Evidence of long ago logging documents the size of some of the trees that used to grow around the lake. All around, lie smaller logs that have been knocked down by wind or by the annual flooding of the lake as heavy rainfall swells the feeder creeks, or snow melt causes the lake to rise.
So the lake has areas where a boater must take care to avoid half-sunken logs and deadheads.
One such deadhead was just below the surface of the lake, so some thoughtful person attached a white float marker to it as a warning to boaters. I don’t have a photo of this marker, but it was a fair distance from shore.
I should mention that when Emma was only six months old, the Captain was walking along the banks of the Missouri River with her in Montana. Without warning, Emma jumped from the four-foot-high bank into the river. She loves the water.
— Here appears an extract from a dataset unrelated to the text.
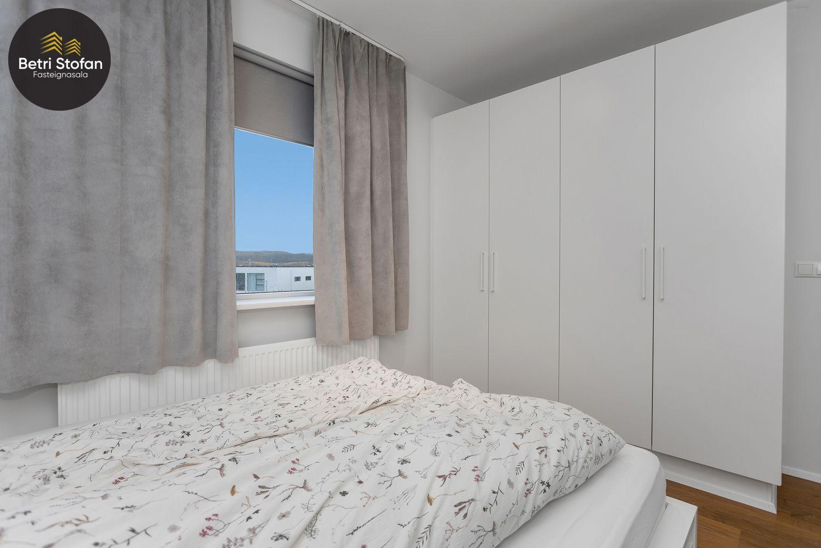 Þórhallur Biering og Betri Stofan kynna : Sérlega fallega og bjarta tveggja herbergja íbúð með suður-svölum, á fyrstu hæð. Lyftuhús á vinsælum stað í Úlfarársdalnum (byggt 2021). Mjög gott útsýni til austurs og suðurs. Komið er inn í rúmgóða forstofu með forstofuskáp. Eldhúsið er með fallegri innréttingu, skápapláss er ágætt og vinnuaðstaða fín. Gott pláss er fyrir borðstofuborð á milli eldhúss og stofu. Baðherbergið er með flísum á gólfi og hluta veggja. Ágæt innrétting, upphengt salerni og sturta. Tengi er fyrir þvottavél á baðherberginu. Stofan er góð og björt , með útgengi út á góðar suð-austur svalir. Svefnherbergið er rúmgott með stórum fastaskaáp.

So you can guess what she did as we motored along, and Emma spied the float. She must have thought it was a duck that needed to be retrieved.
A flying leap, an Olympic dive, two gasps from us in the boat!
The Captain immediately shut down the outboard motor, called his enthusiastic dog back to the boat, and hoisted her aboard. I expected to get shaken on, but what I didn’t count on was that she leaned on me on her way back to her front row seat and got my backside sopping wet before she gave me her shower.
I remember the Captain asking me then if I still loved my dog.